23.3 What is Gas Chromatography?
Description
This article is from the Chemistry FAQ, by Bruce Hamilton B.Hamilton@irl.cri.nz with numerous contributions by others.
23.3 What is Gas Chromatography?
Gas chromatography is the use of a carrier gas to convey the sample ( as a
vapour ) through a column consisting of an inert support and a stationary
phase that interacts with sample components, thus it is usually partition
chromatography. There are also a range of materials, especially for permanent
gas and light hydrocarbon analysis that utilise adsorption. The simplest
partition systems consisted of a steel tube filled with crushed brick that
had been coated with a hydrocarbon that had a high boiling point, eg
squalane. Today, the technique uses very narrow fused silica tubes ( 0.1 to
0.3mm ID ) that have sophisticated stationary phase films ( 0.1 to 5um )
bonded to the surface and also cross-linked to increase thermal stability.
The ability of the film to retard specific compounds is used to ascertain
the "polarity" of the column. If benzene elutes between normal alkanes
where it is expected by boiling point ( midway between n-hexane and
n-heptane ), then the column is "non-polar" eg squalane and methyl silicones.
If the benzene is retarded until it elutes after n-dodecane, then the column
is "polar" eg OV-275 ( dicyanoallyl silicone ) and 1,2,3-tris (2-cyanoethoxy)
propane. In general, polar columns are less tolerant of oxygen and reactive
sample components, but the ability to select different polarity columns to
obtain satisfactory peak resolution is what has made GC so popular.
The column is placed in an oven that has exceptional temperature control,
and the column can be slowly heated up to 350-450C ( sometimes starting at
-50C to enhance resolution of volatile compounds ) to provide separation of
wide-boiling range compounds. The carrier gas is usually hydrogen or helium,
and the eluting compounds can be detected several ways, including flames
( flame ionisation detector ), by changes in properties of the carrier
( thermal conductivity detector ), or by mass spectrometry. The availability
of "universal" detectors such as the FID and MS, makes GC a popular tool in
laboratories handling organic compounds. There are also columns that have a
layer of 5-10 um porous particulate material (such as molecular sieve or
alumina ) bonded to the inner walls ( PLOT = Porous layer open tubular ),
and these are used for the separation of permanent gases and light
hydrocarbons. GC is restricted to molecules ( or derivatives ) that
are sufficiently stable and volatile to pass through the GC intact at the
temperatures required for the separation. Specialist books on the production
of derivatives for GC are available [4,5].

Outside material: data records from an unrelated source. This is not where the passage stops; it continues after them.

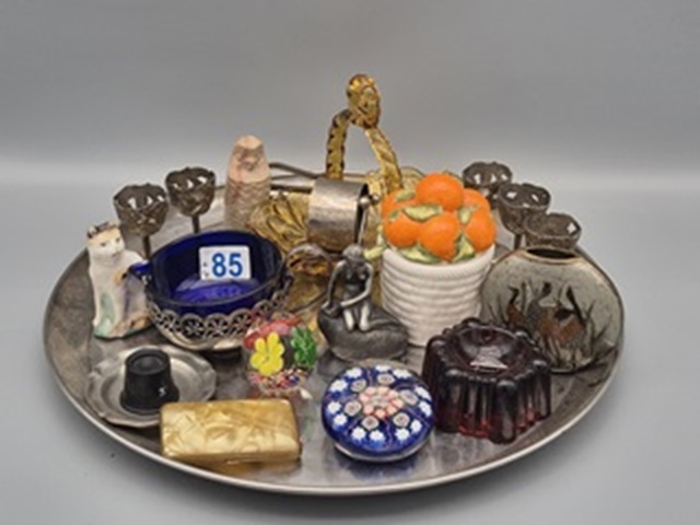 Lot 85 - Epns tray with collectible items SOLD £6 |
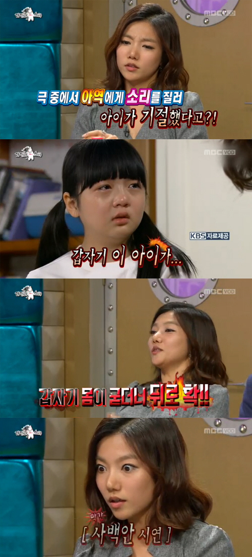 이에 이채영은 "13살짜리 아역인데 구석에 아이를 세워놓고 몰아세우는 연기 중에 아이가 갑자기 몸이 굳더니 뒤로 확 기절했다"고 당시 상황을 설명했다. 이어 "막 얘기하는데 상대방이 쓰러지니까 너무 무서워서 소리를 질렀다"며 "마침 병원 신이어서 응급실로 가 큰일은 없었다"고 덧붙였다.
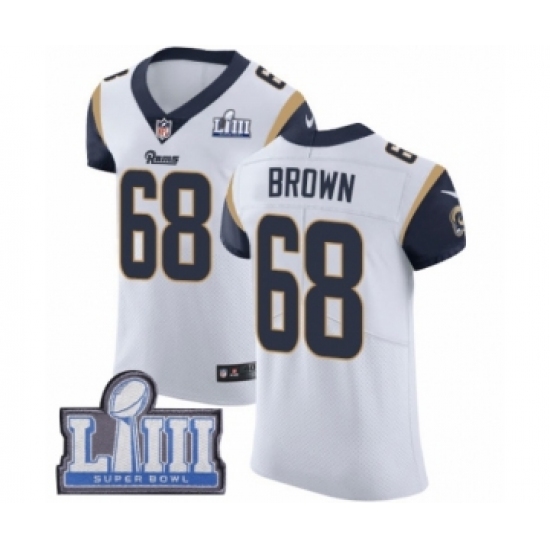 Men's Nike Los Angeles Rams #68 Jamon Brown White Vapor Untouchable Elite Player Super Bowl LIII Bound NFL Jersey
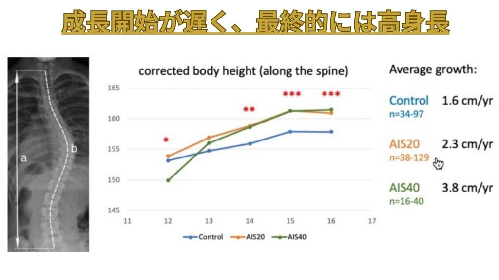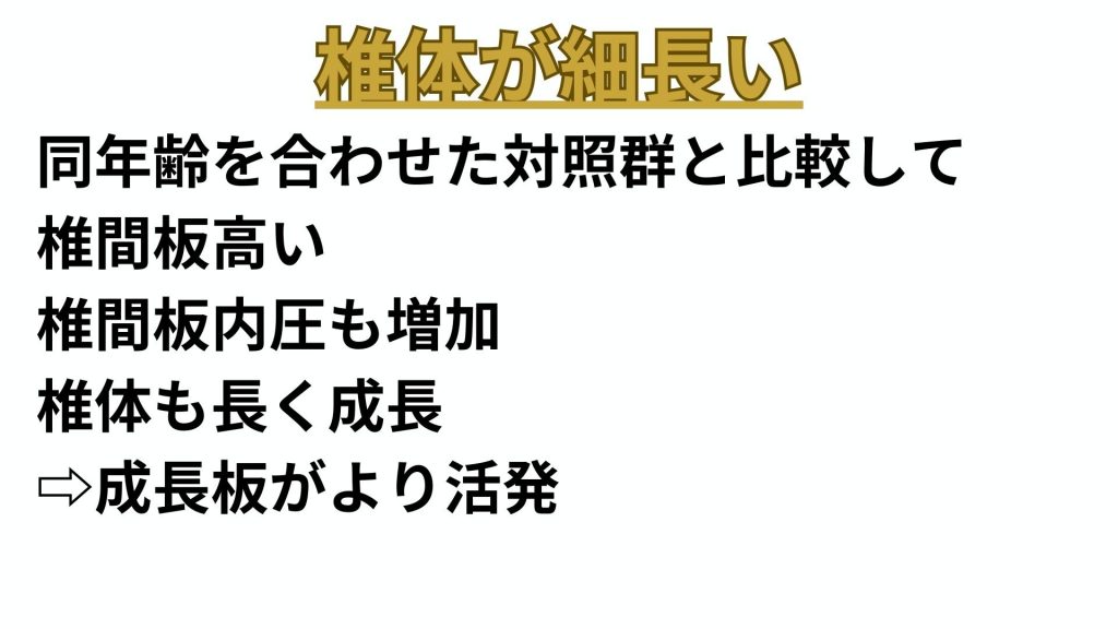 また、AIS患者の椎間板は健常者と比較して厚みがあり、椎間板内圧も高いことが報告されています。これにより、脊柱の成長バランスが崩れ、側弯が進行しやすくなります。

There are several manufacturers of GC instruments whose catalogues and
brochures provide good introduction to the technique. (eg Hewlett Packard,
Perkin Elmer, Carlo Erba ). The catalogues of suppliers of chromatography
consumables also contain explanations of the criteria for selection of the
correct columns and conditions for analyses, and they provide an excellent
indication of the range of applications available. Well-known suppliers
include Alltech Associates, Supelco, Chrompack, J&W, and Restek. They also
sell most of the standard GC texts, as do the instrument manufacturers.
Popular GC texts include "Basic Gas Chromatography" [6], "High-Resolution
Gas Chromatography" [7], and "Open Tubular Column Gas Chromatography" [8].
There are Standard Retention Index Libraries available [9], however they
really only complement unambiguous identification by mass spec. or
dual-column analysis.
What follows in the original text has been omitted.